| WHAT NEEDS TO BE DONE |
When the line with "TeamKID: Setting the" turns up below, begin repeating exactly, and carry on through the line with "Laughing Buddha - LB-901"; no pictures go into the copy.

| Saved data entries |
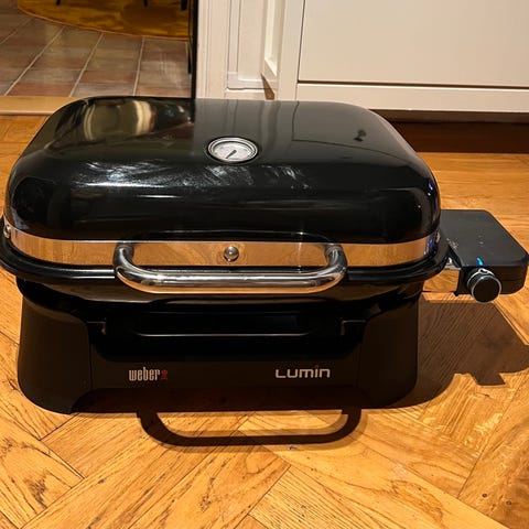 Använd fåtal gånger. Säljer pga flytt till hus. Ingår elgrill + stativ + instruktionsböcker. Se bilder
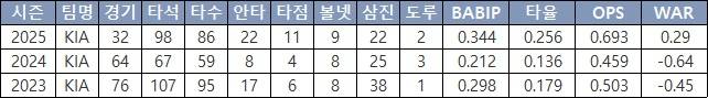 | ▲ KIA 김호령의 주요 타격성적(출처: 야구기록실 kbreport) |
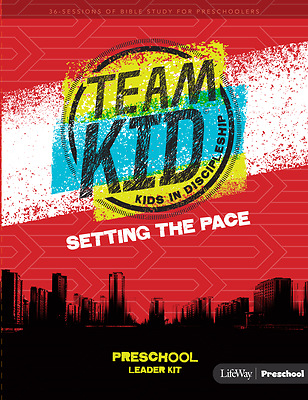 TeamKID: Setting the Pace - Preschool Leader Kit provides a 36-week discipleship study for preschoolers that emphasizes major books, stories, and truths of the Bible. The
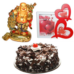 Laughing Buddha - LB-901 Size: 24cm*17cm + Yummy delicious round shape Black Forest cake - 1kg + Love Photo Frame - code...
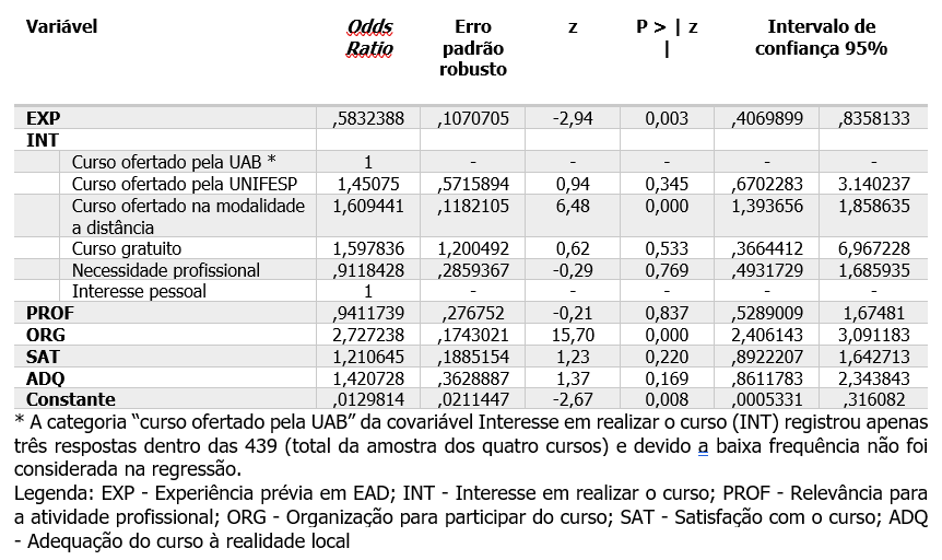 Os resultados obtidos na análise estatística inferencial confirmaram três dos parâmetros como preditores de sucesso nos cursos, como apresentado na Tabela 1: EXP se mostrou preditor de sucesso, reduzindo em 58% a chance de aprovação nos cursos; a categoria “Curso ofertado na modalidade a distância” do fator INT também se apresentou como preditor, aumentando em 1,6 a chance de sucesso; ORG mostrou-se preditor aumentando a chance de aprovação em 2,72.
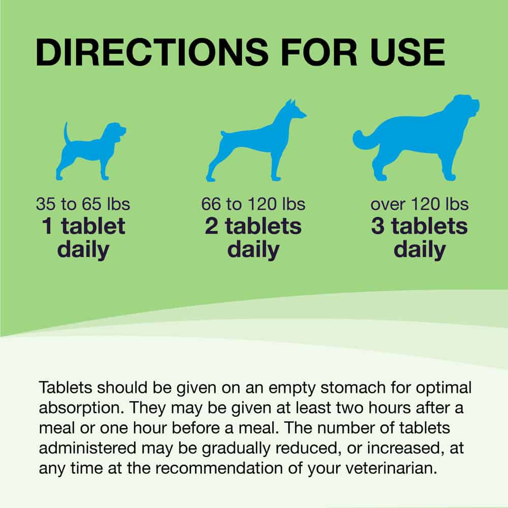 The tablets should be given on an empty stomach at least one hour before feeding. Research shows that, if possible, a fasting period of 8-12 hours before giving this product is optimal. The usual dose in cats and dogs is based on weight. For pets up to 12 lbs give 1 tablet of the 90mg strength, for pets 13 to 34 lbs give 1 tablet of the 225mg strength, for pets 35 to 65 lbs give 1 tablet of the 425mg strength, for pets 66 to 120 lbs give 2 tablets of the 425mg strength and for pets over 120 lbs give 3 tablets of the 425mg strength. When giving more than 1 tablet the total number of tablets may be divided into morning and evening. For example, a dose of 3 tablets could be divided into 2 tablets in the morning and 1 tablet in the evening.
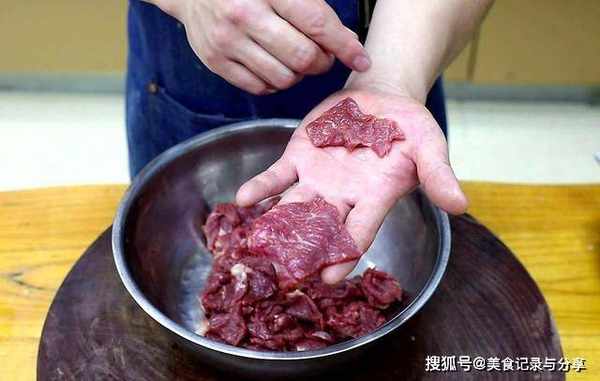 准备一块牛里脊肉,切成均匀的肉片。切好以后加入适量的食盐、胡椒粉、鸡粉,少许食用碱,倒入适量的蚝油、老抽抓拌均匀,淋入料酒去腥,反复的抓揉至起胶、发黏,再加入少许水淀粉锁住牛肉的水分,反复摔打上劲后淋入少许植物油,腌制5分钟。

| EXERCISE ANSWER |
 TeamKID: Setting the Pace - Preschool Leader Kit provides a 36-week discipleship study for preschoolers that emphasizes major books, stories, and truths of the Bible. The
 Laughing Buddha - LB-901 Size: 24cm*17cm + Yummy delicious round shape Black Forest cake - 1kg + Love Photo Frame - code...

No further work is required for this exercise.